Ryan Policky and Gabriel Ratliff are hoping that with A Shoreline Dream, the maxim that the third time is the charm holds true. A Shoreline Dream, a band whose name sounds like a Cure song, is the duo’s third band project. Pure Drama, their art rock beginnings, and Drop the Fear, their female fronted second attempt, didn’t last any longer than their first. Their third try as A Shoreline Dream finds the duo joining with two new musicians, guitarist Erik Jeffries and bassist Enoc Torraca, and exploring yet another new direction.

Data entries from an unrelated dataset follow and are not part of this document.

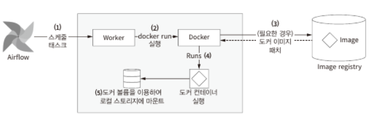 - DockerOperator은 적절한 인수를 사용해 워커 시스템에서 docker run 명령 실행
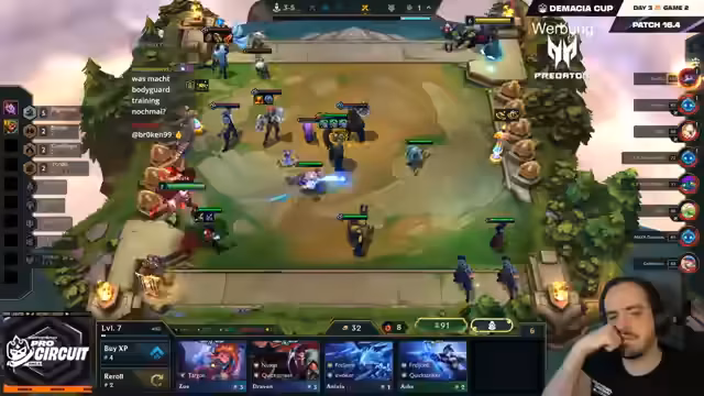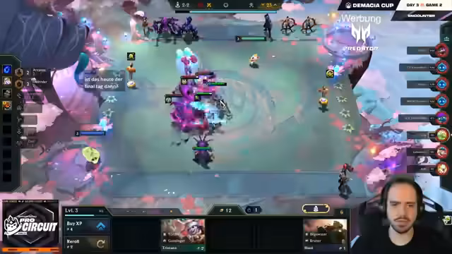 02:02:35Das Finale des TPC 3 startet, und eine frühe Runde sorgt für Gesprächsstoff. Ein Spieler verliert nach einem aggressiven Start mit Rek'Sai und der Junia 10-Kombination, was zu massiver Frustration im Chat führt. Die spürbare Rage im Stream deutet auf ein hohes Niveau der Konkurrenz und die Nervenstärke der Spieler hin.
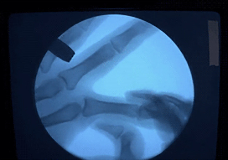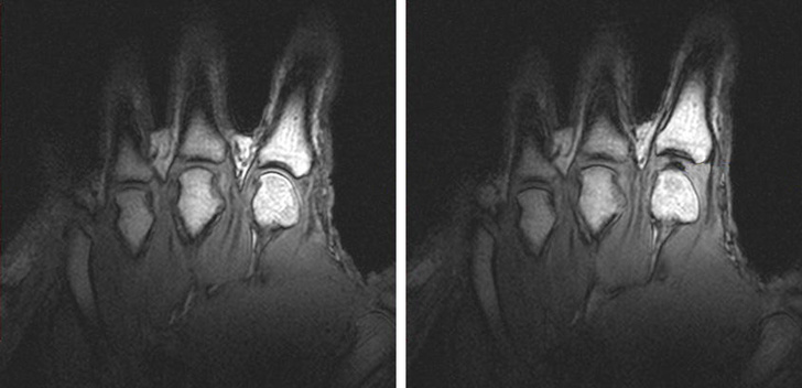 Темна пляма між суглобами праворуч — порожнеча, яка утворюється під час хрускоту.

Avoiding the Consequences is the title of Policky and Ratliff 3.1, in other words, the debut album from A Shoreline Dream. This Denver, Colorado quartet are pushing the sonic boundaries of the typical rock band, experimenting with sound, and just making texturally interesting songs. And you know what that means, here come the comparisons to Slowdive, Ride, Sigur Rós and Godspeed You Black Emperor. But in reality, A Shoreline Dream sounds like what you might expect if you took the timeline of the work of the Cure, then folded it up into a taco shell, pressing the early and the later years together into one double-layered mash-up. The dark and brooding epic sonic texture is there, minus the trademark Smith caterwauling, but with a modern twist and more of a rock and roll spirit. You can hear that kind of dichotomy on songs like “Focus the Present,” with a hint of menace and a wagonload of drama.

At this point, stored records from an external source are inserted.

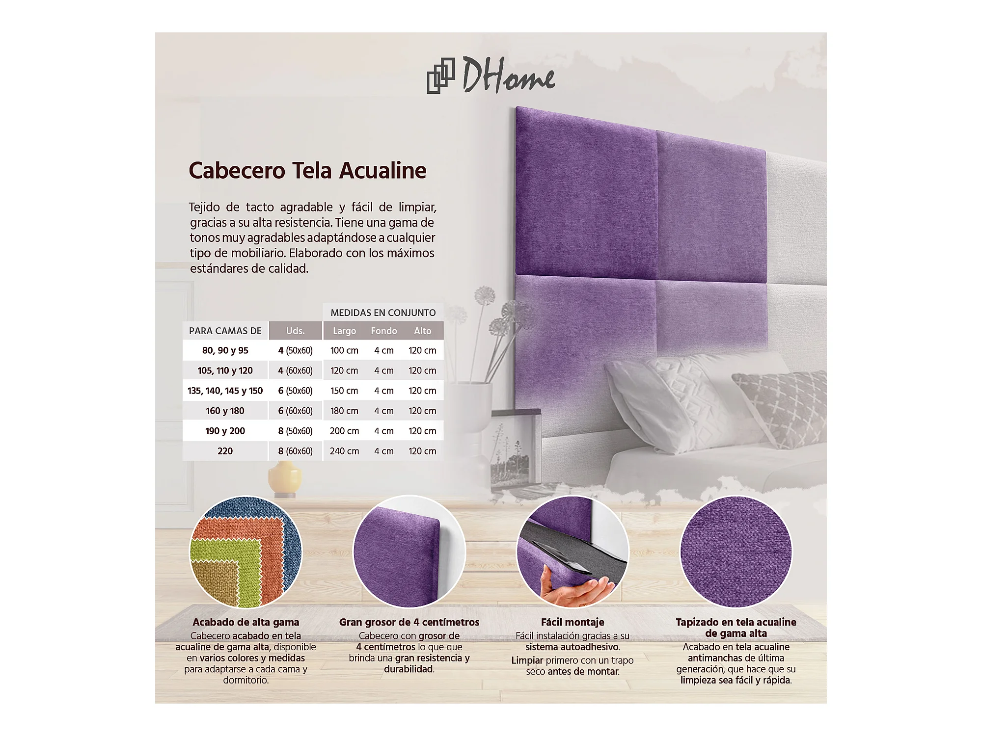 DHOME Cabeceira estofada em tecido aculino composto por painéis de cama intercambiáveis autoadesivos acolchoados para quarto (Lilás, 160cm)
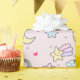 A cute pattern with happy stars, moon, clouds and rainbows on a pink background.
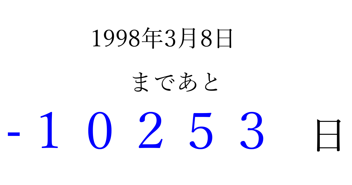 1998年3月8日(日)は もう 00000 日過ぎました 追加すると、トップページからすぐ選べるようになります ※2026/04/03現在の結果です。 最新の状態に更新する ↓シェアして、タイムライン上にカウントダウンを表示しよう!↓ 📤 この結果を共有する Tweet シェア Threads Bluesky 別の日付でカウントダウン 1998年3月のカレンダー このページをブックマークに追加すると、いつでもカウントダウンを確認できます。 (PC: Ctrl+D / Mac: ⌘+D) hitome-notes.comでは以下のページも運営しています。 指定日と期間から日付を計算 | ガチャ確率計算・シミュレーション | プライバシー・ポリシー 運営者:Avocado
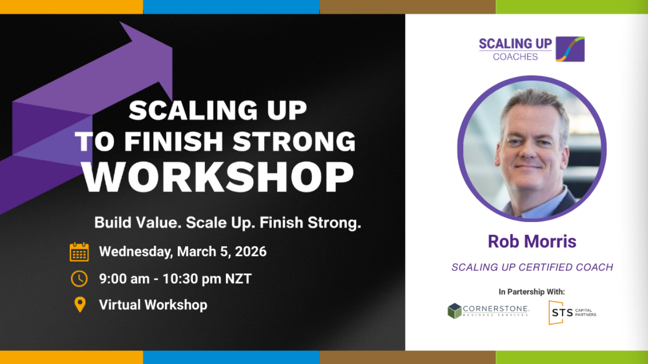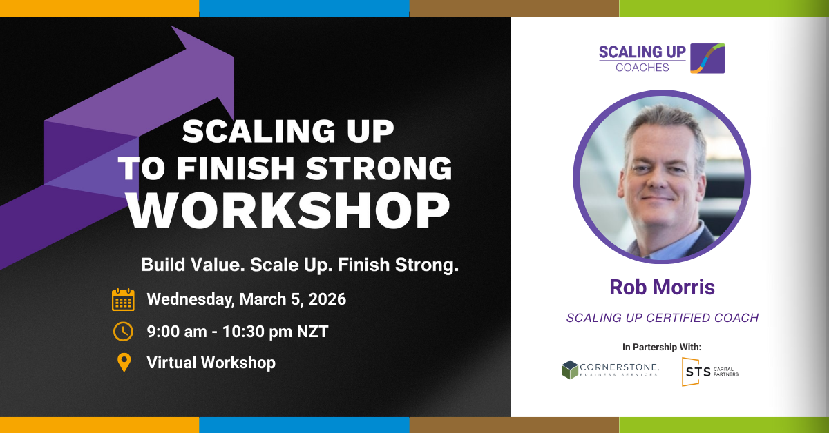 The virtual workshop is led by Scaling Up Coach Rob Morris who holds an Advanced Scaling Up Certification in Exit & Valuation. You’ll also benefit from exclusive video insights from Verne Harnish, founder of the global Scaling Up coaching network.
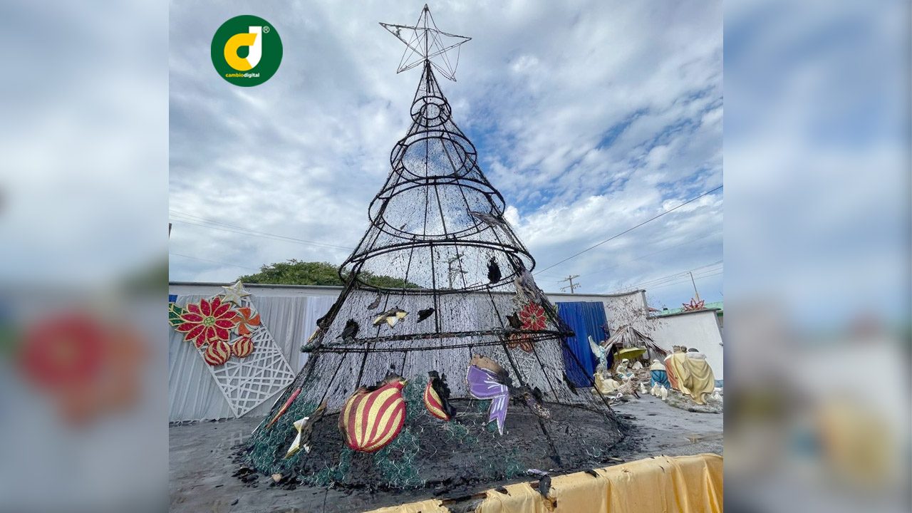Automovilistas y transeúntes se percataron de los severos daños que sufrió el pino navideño monumental, ubicado en el primer cuadro de la cabecera municipal, el cual apareció completamente calcinado.
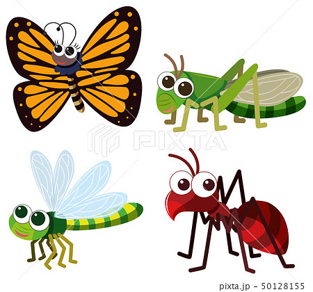 Four different types of insects on white
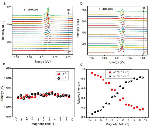 图3. 第三种类型单光子源(typeⅢ)的极化分辨的磁光光谱:(a-b)不同磁场下左右旋收集的磁光光谱。(c)左右旋收集的发光峰能量几乎不随磁场变化。(d)左右旋收集的荧光相对强度随磁场的变化。
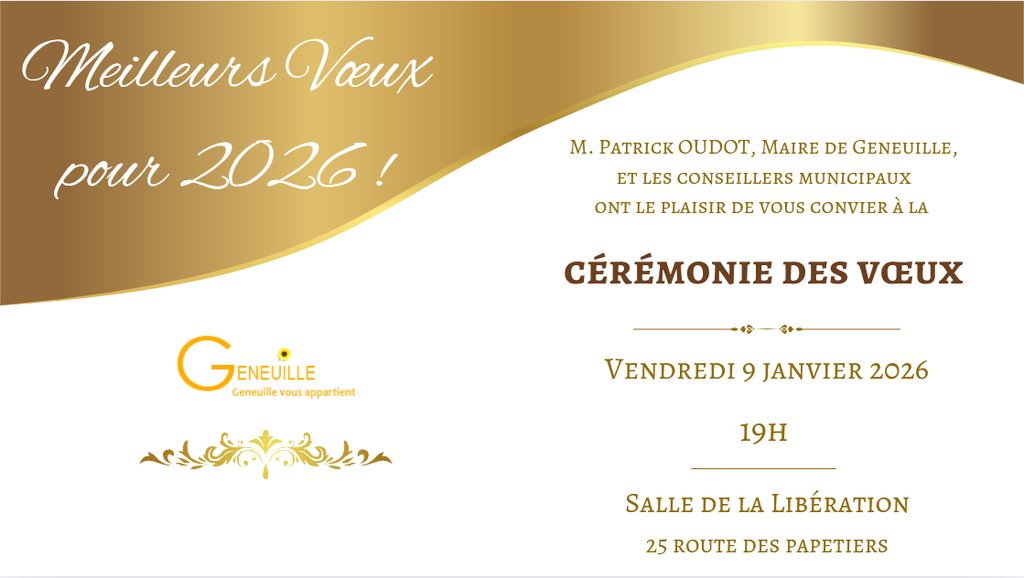Nous avons déposé, ou allons le faire, votre bulletin municipal dans vos boîtes aux lettres, accompagné du calendrier de collecte des déchets et d'une invitation à la dernière cérémonie des vœux présidée par M. Oudot.
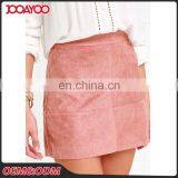Women Fashion Mini Skirt Designs High Waist A-line Pink Faux Suede Mini Skirt
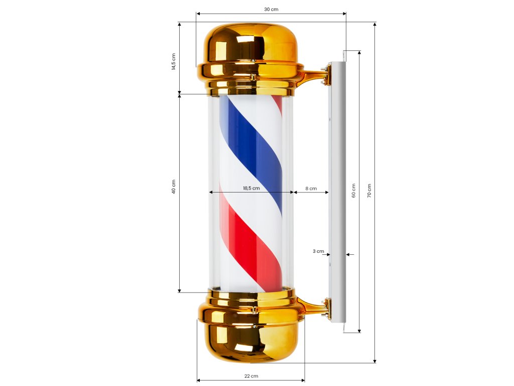 Ein auffälliger beleuchteter Plafond, ausgestattet mit einem rotierenden Zylinder, ist eine hervorragende Werbung für einen Friseursalon. Das markante Design mit rotierenden Elementen in Rot, Weiß und Blau schafft ein einzigartiges, international verstandenes Schaufenster des Friseursalons. Mit Hilfe einer Fernbedienung am Kabel können Sie sowohl die Beleuchtung als auch die Drehung der Deckenleuchte einschalten.

Ryan Policky’s lyrics are practically unintelligible throughout the record, but that doesn’t seem to matter too much. With a Shoreline Dream, as with likeminded `shoegazer’ bands of the early ’90s, it’s not really about the words. It’s about atmospheres, and this group creates more atmospheres than clubs in Greenwich Village. “Hook Echo” has moments when you feel like you’re attending a Police jam session from the early 80’s, and others that put you into another world entirely. Policky might be singing in English on “Love is a Ghost in America,” but who could possibly tell? It might as well be `Hopelandic’ for all we know. Again, the music is such the star of this band, that it doesn’t make a difference.

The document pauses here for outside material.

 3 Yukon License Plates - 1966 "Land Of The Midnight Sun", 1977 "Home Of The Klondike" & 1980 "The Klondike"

A Shoreline Dream may not blow your mind, be the next big thing, or show extreme originality, but Avoiding the Consequences is an exercise in taking a genre and making it one’s own. They say that the average person has seven careers in their lifetime. If the same can be said for bands, then Ryan Policky and Gabriel Ratliff have four more to go. However, something about the complexity and lush atmospheres of their new band, A Shoreline Dream, tells me that the third time really is the charm.